Part of the focus, he said, will be on the IRS itself and how it handles these groups.
“The question there would be to look at whether or not the IRS, bludgeoned by the right wing forces, has construed the law and enforced the law and whether their enforcement is actually consistent with the law,” Whitehouse said.
The IRS has the power to remove these groups’ tax-exempt status if they overstep what the agency deems as promoting “social welfare.” Though a broad mandate, 501(c)(4)s are usually allowed to have limited political activity. They can focus on promoting certain policies that may align with candidates running for federal office.

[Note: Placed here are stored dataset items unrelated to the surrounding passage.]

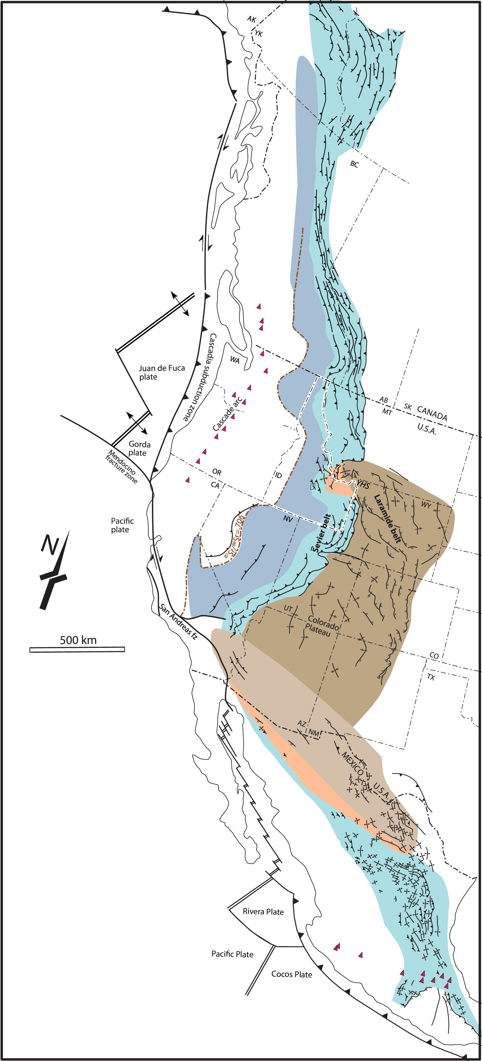 (Above) Simplified tectonic map showing the "expanded" Sevier-Laramide fold-thrust belts in the context of the North American Cordillera (modified from Yonkee and Weil, 2015 and Fitz Diaz et al., 2018).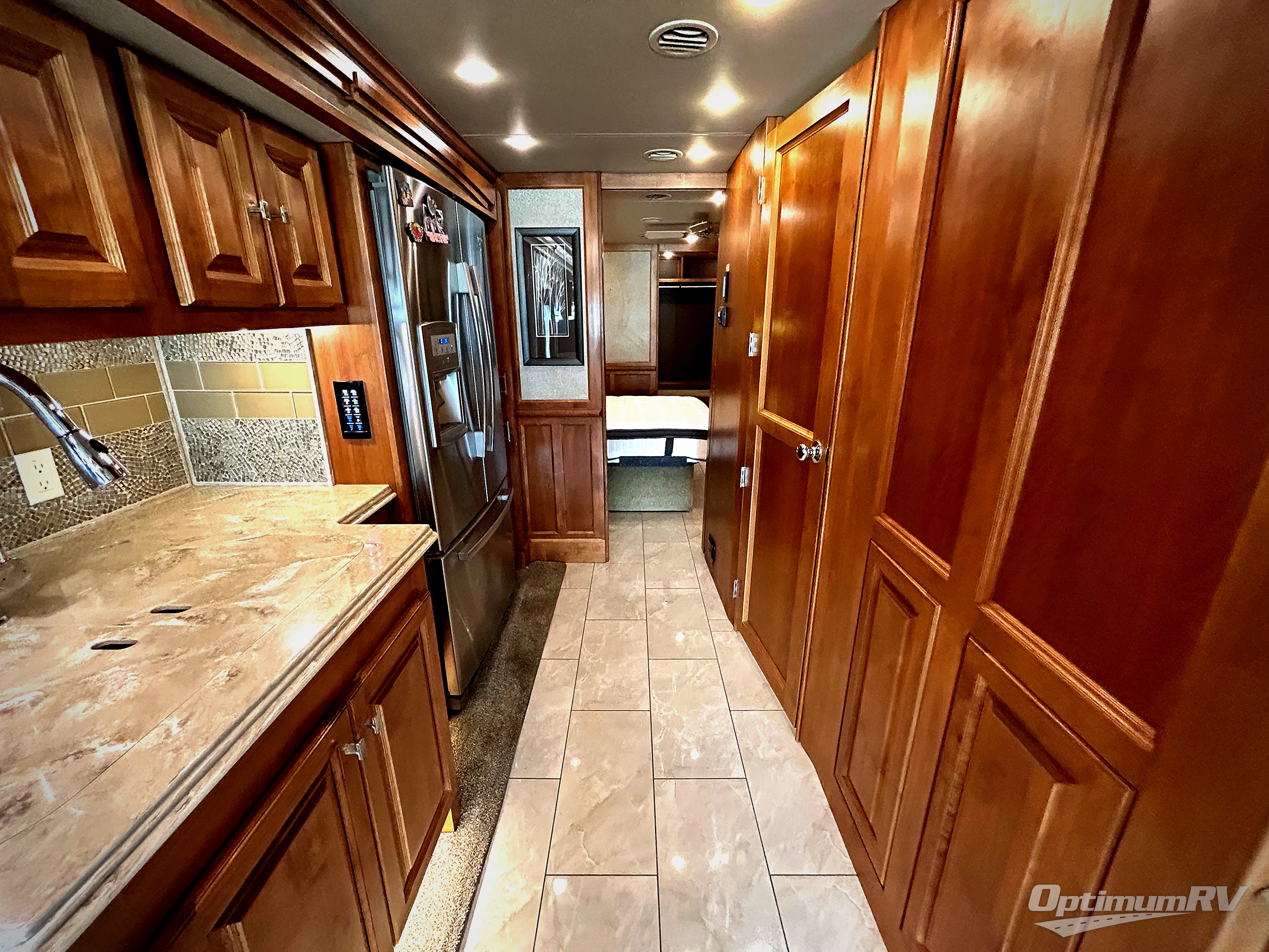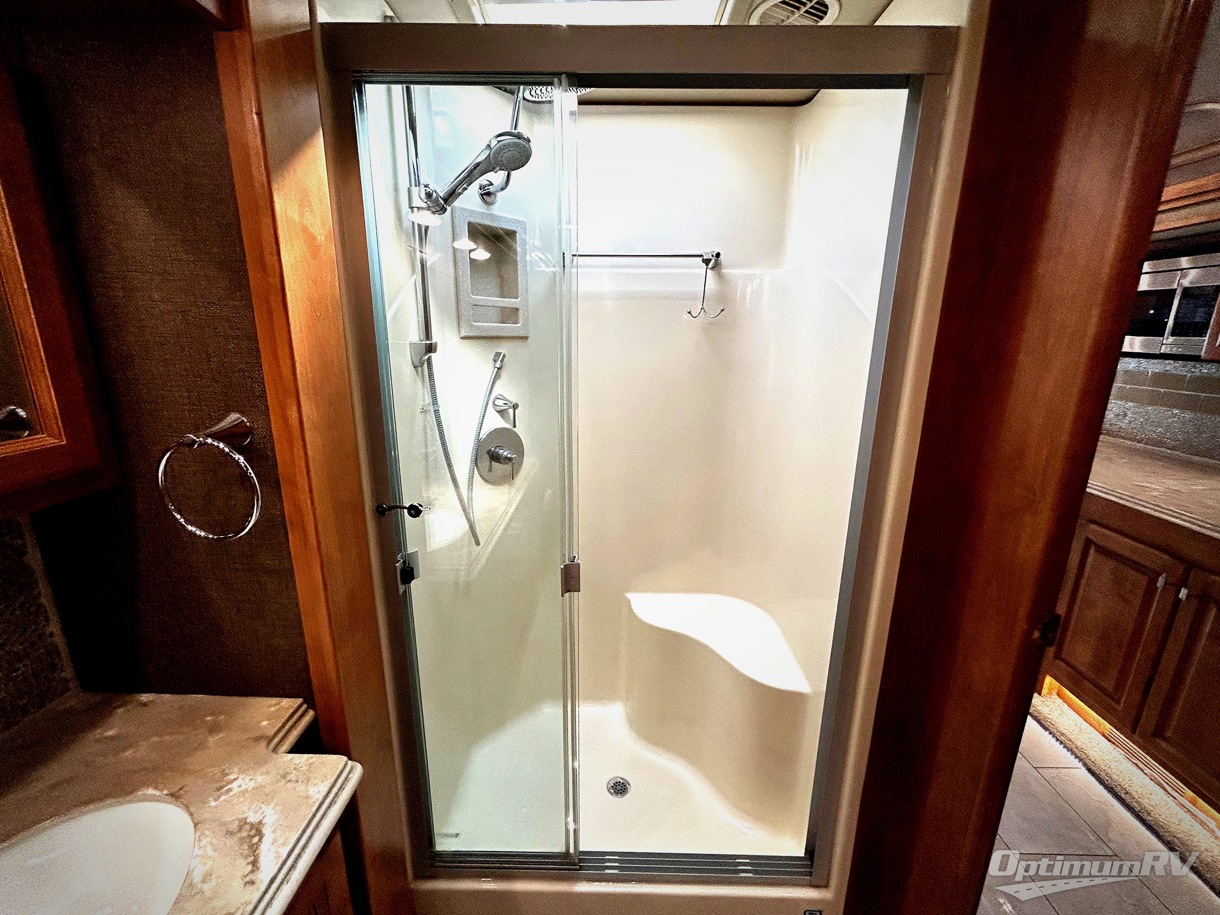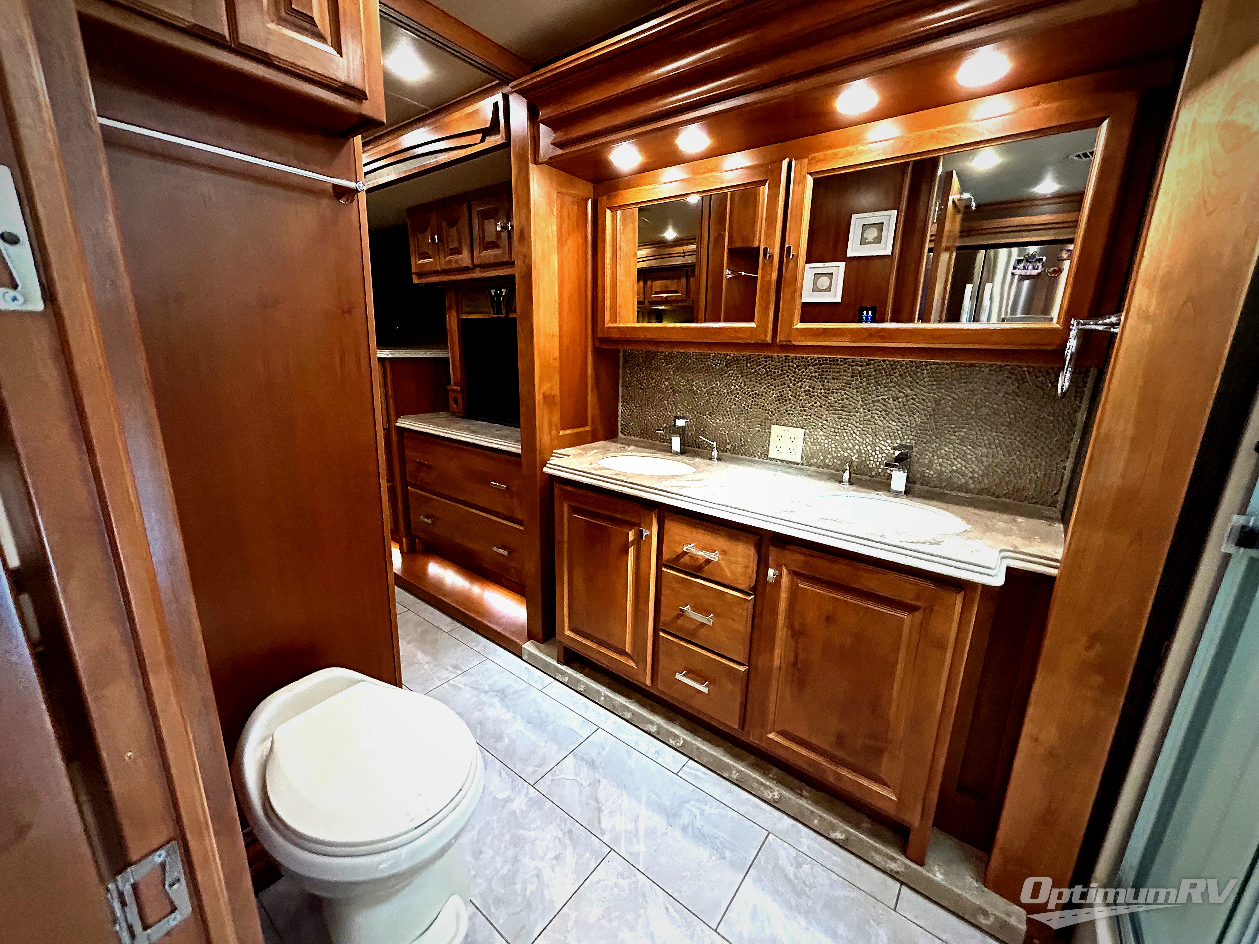 The slide out continues into the side aisle bathroom with his and her sinks and overhead cabinets. The bath also includes a toilet, a shower and access from either the bedroom or the living area.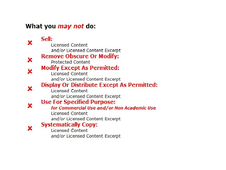 Not a “Technical Protection Measure” • Other standards (Xr. ML / ODRL) are designed to control rights “enforcement technologies” (i. e. technical protection) • They don’t have the flexibility we need • Libraries and publishers prefer to rely on compliance to licences • Our focus is entirely on the communication of usage terms (rights metadata), not technical protection • Library policies can over-ride message (e. g. fair use)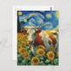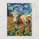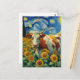 Cartão Postal Vaca Branca Marrom num Campo Faux Van Gogh Sunflow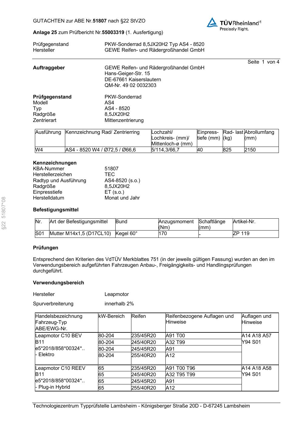 Dieses Gutachten (abe) bezieht sich auf die Alufelge GEWE AS4 - 8520 in der Ausführung ET 0, Mittenloch 0 mm (KBA 51807). Im PDF findest du typischerweise zulässige Reifengrößen, Auflagen/Anbauhinweise und – je nach Dokument – Hinweise zur Eintragung.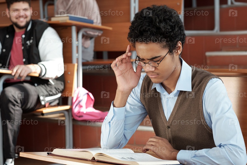 Мужчина смешанной расы пытается сконцентрироваться во время чтения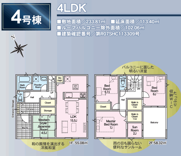 一階:55.08u。二階:58.32u。R07SHC113309号。ルーフバルコニー除外面積:102.06u。開発道路持分1/6有。二階に南向きサンルーム。WICが二ヵ所。収納豊富。住宅性能表示制度5分野7項目最高等級取得。 |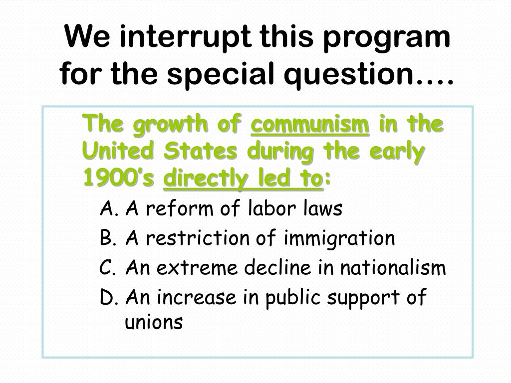 We interrupt this program for the special question…. The growth of communism in the United States during the early 1900’s directly led to: • A reform of labor laws • A restriction of immigration • An extreme decline in nationalism • An increase in public support of unions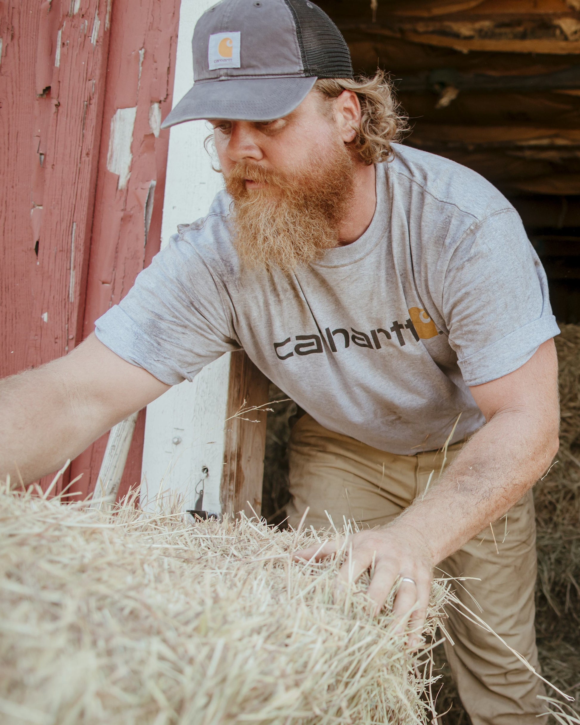 Carhartt's short-sleeve logo t-shirt is designed for work. Made of 6.75-ounce, 100% cotton jersey knit, it features a rib-knit crewneck, side-seamed construction to minimize twisting and a tagless neck label. The Carhartt logo is printed on the chest and back. Heather Gray fiber content is 90% cotton/10% polyester. 6.75-ounce, 100% cotton jersey knit, midweight Side-seamed construction to minimize twisting Carhartt logo on front and back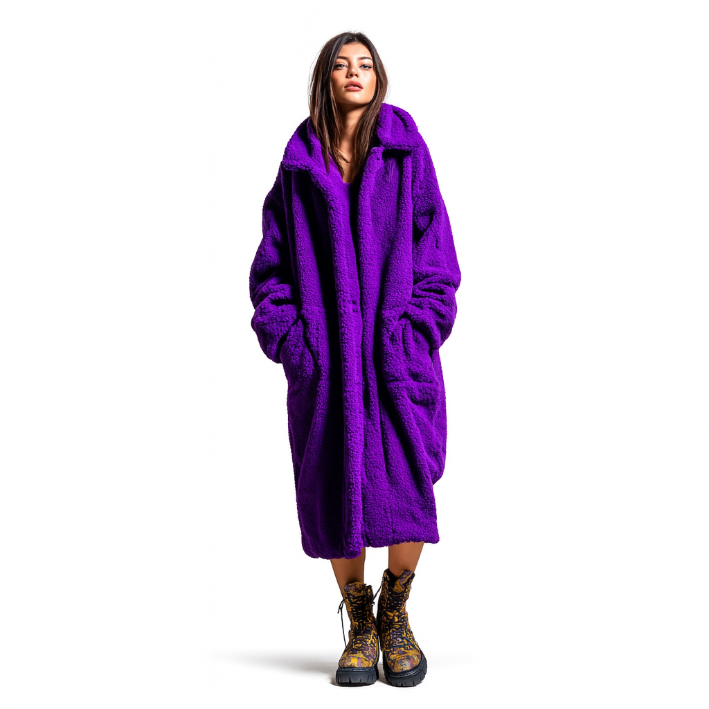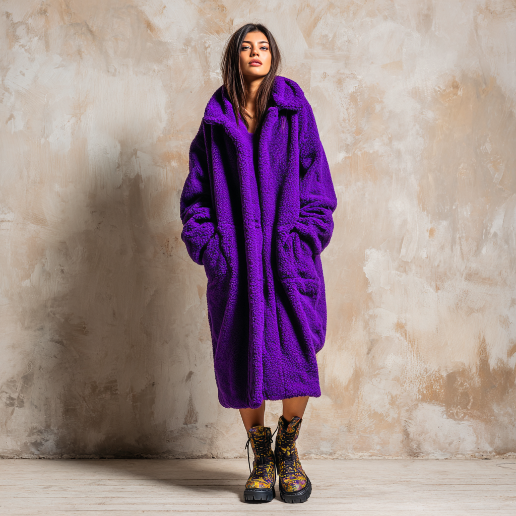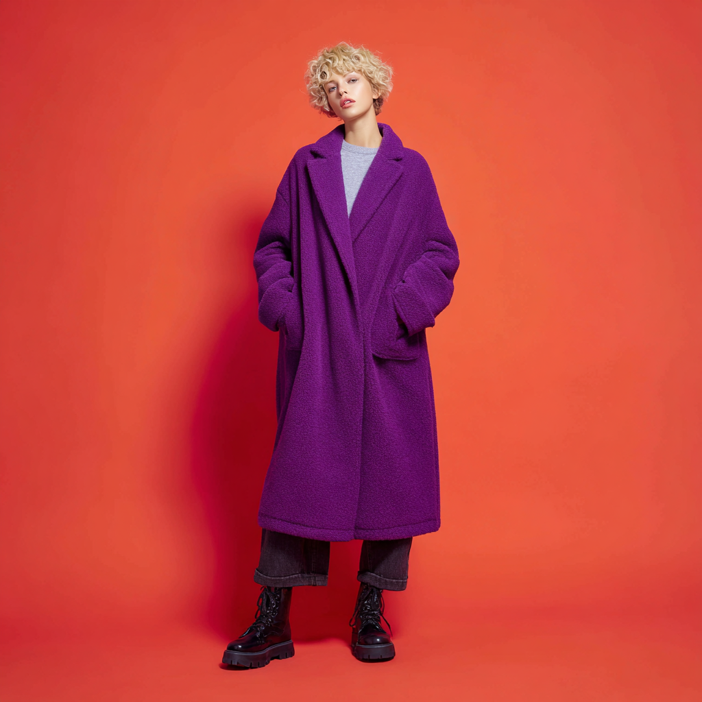 Ten fioletowy płaszcz zimowy oversize łączy nowoczesny styl ze swobodnym komfortem, tworząc idealny element zimowej garderoby. Luźny krój sprawia, że płaszcz świetnie układa się na swetrach, sukienkach i codziennych stylizacjach, a głęboki odcień fioletu dodaje charakteru i elegancji. Miękka tkanina i przyjemna podszewka zapewniają ciepło podczas chłodnych dni, tworząc stylowy i wygodny zimowy look.

Democrats say these groups should lose the right to remain a 501(c)(4) if they incited the riot.
Whitehouse told Treasury Secretary-designate Janet Yellen during her Senate confirmation hearing that he plans to ask her to “direct a review of the IRS 501(c) policies” once she is confirmed. “It’s my belief that for a long time the policies of the IRS have been very misaligned with the statutory direction that Congress gave the IRS over these agencies,” he added.
Yellen said that she would initiate a review.
Beyond Whitehouse and Wyden, Democrats in general are making a legislative push against dark money organizations.
Within the summary of the Senate Democrats‘ first orders of business is the DISCLOSE Act, which Whitehouse introduced in 2019.
The bill would require “super PACs, 501(c)4 groups and other organizations spending money in elections and on judicial nominations to disclose donors who contribute more than $10,000,” according to the Senate Democrats’ summary of the legislation.
The Senate Democrats’ priorities also include a focus on the IRS.
The separate bill would repeal an “existing prohibition on the IRS from promulgating rules to bring clarity to rules governing 501(c) political activity,” the summary says.